Ed et son fils Ka-Le-Be à Halloween

Au New Jersey, mon ami Ed (aujourd’hui décédé) m’a laissé sentir le medecine bag de son grand-père. Personne ne peut le toucher sauf les mâles de la famille, et personne ne sait ce qu’il contient. Mais Dieu que ça sent bon! Une odeur acide et tenace, organique, et si pleine de force après toutes ces années. Au mur, une photo qui fend le coeur. Un groupe d’Indiens, assis. Les yeux morts, la tristesse dans les épaules. Un petit groupe de Poncas qui vient de « se rendre ». A droite, une femme a un bébé sur les genoux. Le bébé est la grand-mère d’Ed.

Mais attention aux wannabes! Ils sont là, sous plusieurs aspects. Ca peut juste être des blancs rêvant de ne pas l’être et qui, de cérémonies d’inipi à fumettes de peyotl, s’imaginent récupérer un peu de la pureté que leur sang maudit leur a enlevée.
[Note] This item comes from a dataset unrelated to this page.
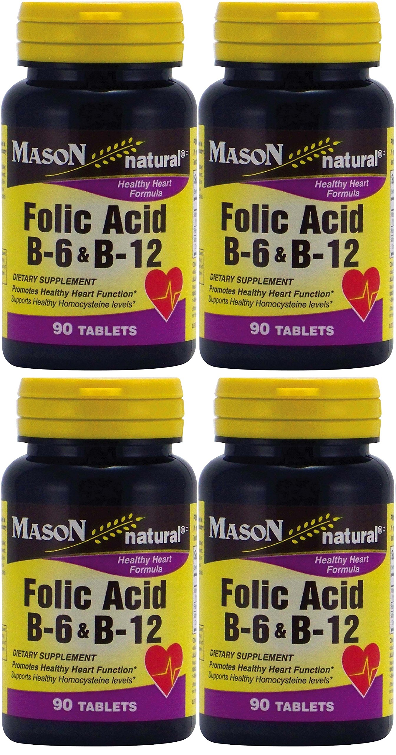 Mason Vitamins Folic Acid B-6 B12 Heart Health Formula 90 Tablets per Bottle Pack of 4 Total 360 Tablets
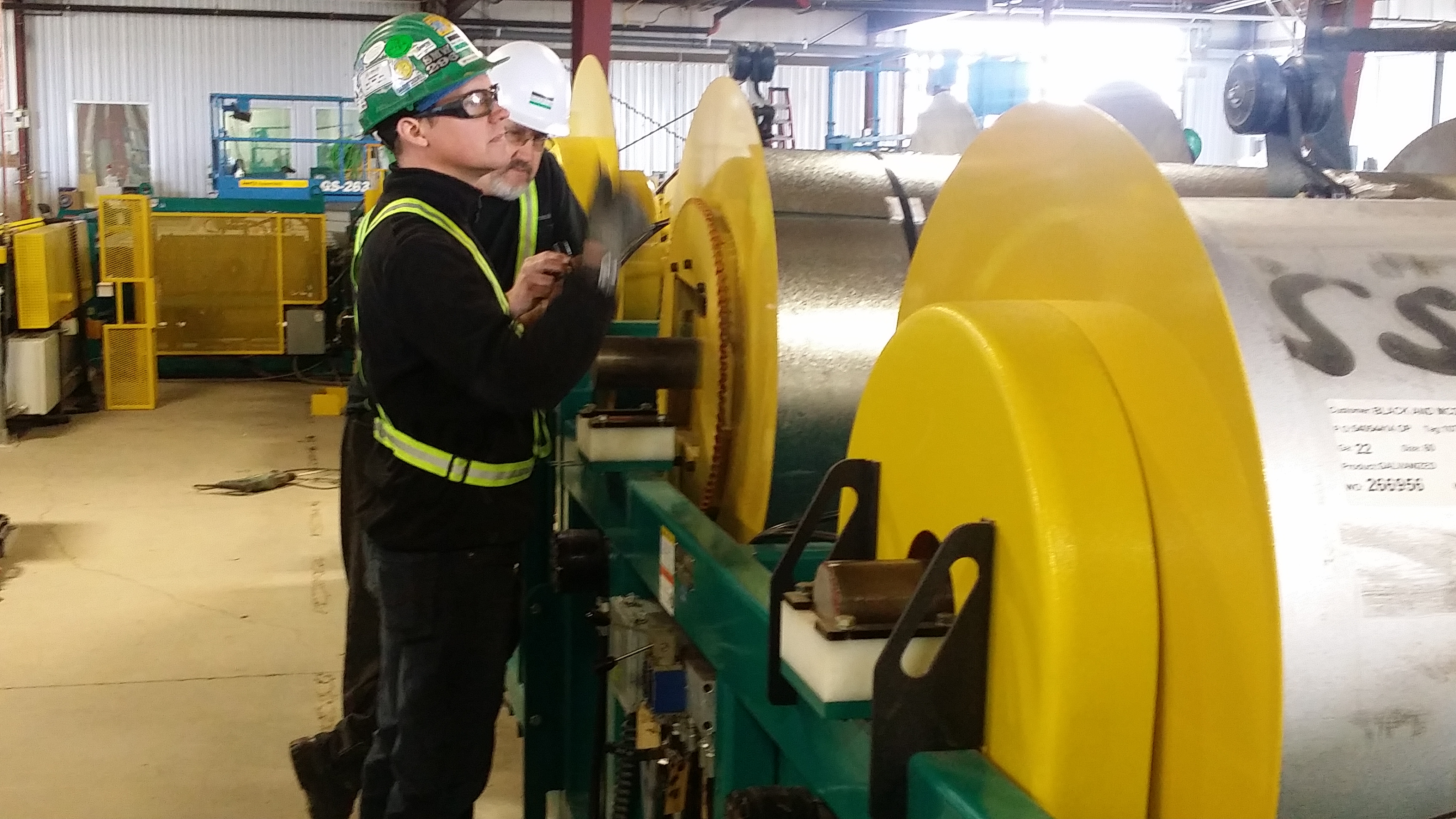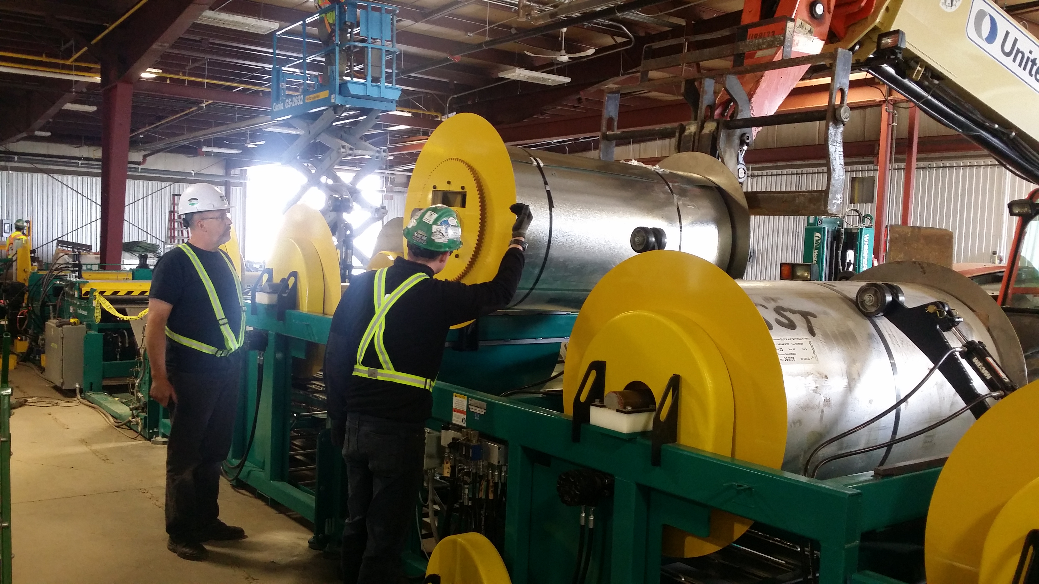 These pictures show the installation of the metal coil as well as lining up of the Straightener.

Ils finissent par se prendre pour des Indiens, achètent des noms indiens (avec certificat!), se font passer pour des Indiens, et sont souvent aussi la proie crédule d’un autre genre de wannabes: faux shamans, faux chefs, qui les droguent, les volent, les ridiculisent et en rient. Ces faux Indiens sont vus avec colère par les vrais, et dénoncés. On leur a volé leur terre, on ne peut pas, en plus, leur voler leur identité et leur passé…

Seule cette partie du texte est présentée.